**** Recorded information ****
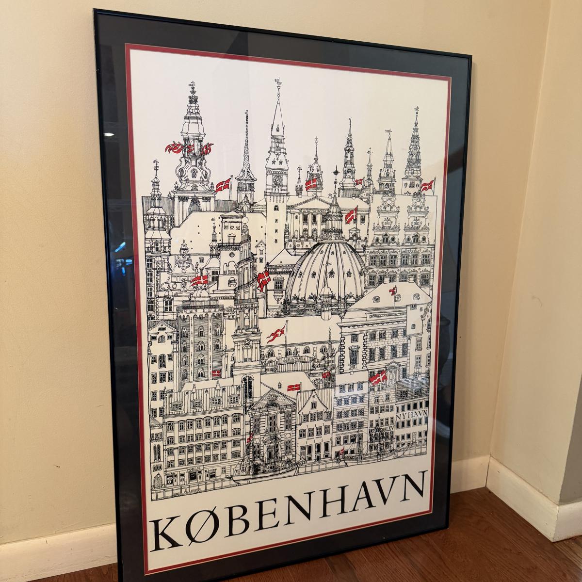 This metal framed artwork of Copenhagen is under glass and measures 28” x 40”H
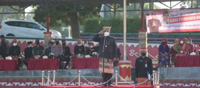Pemerintah Kabupaten Lampung Selatan menggelar Upacara Peringatan Hari Pendidikan Nasional Tahun 2022 yang bertempat di Lapangan Korpri, Pemkab setempat, Jum’at, 13 Mei 2022.
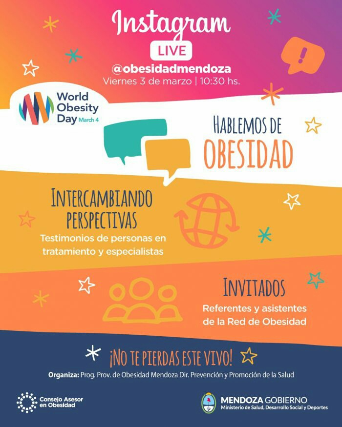 campaña de concientización en sus redes sociales. Para ello, invita a participar en la campaña a toda la comunidad este 4 de marzo, compartiendo acciones transformadoras en sus redes sociales. Las personas interesadas lo pueden hacer acompañando estas acciones con una foto o video con el símbolo de la campaña. IG: obesidad mendoza,
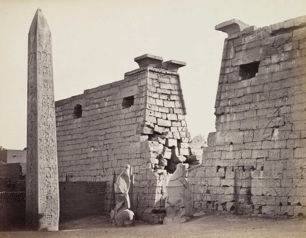 Luxor Temple entry pylon and obelisk by Francis Frith, c. 1858. Note how the sand has covered the statues at the gate up to their shoulders.
****
What this task involves
For the material above, give again only the lines starting at the line that contains "Pemerintah Kabupaten Lampung" and ending at the line that contains "campaña de concientización". Pictures do not belong in the copy.

Task solution
Pemerintah Kabupaten Lampung Selatan menggelar Upacara Peringatan Hari Pendidikan Nasional Tahun 2022 yang bertempat di Lapangan Korpri, Pemkab setempat, Jum’at, 13 Mei 2022.
 campaña de concientización en sus redes sociales. Para ello, invita a participar en la campaña a toda la comunidad este 4 de marzo, compartiendo acciones transformadoras en sus redes sociales. Las personas interesadas lo pueden hacer acompañando estas acciones con una foto o video con el símbolo de la campaña. IG: obesidad mendoza,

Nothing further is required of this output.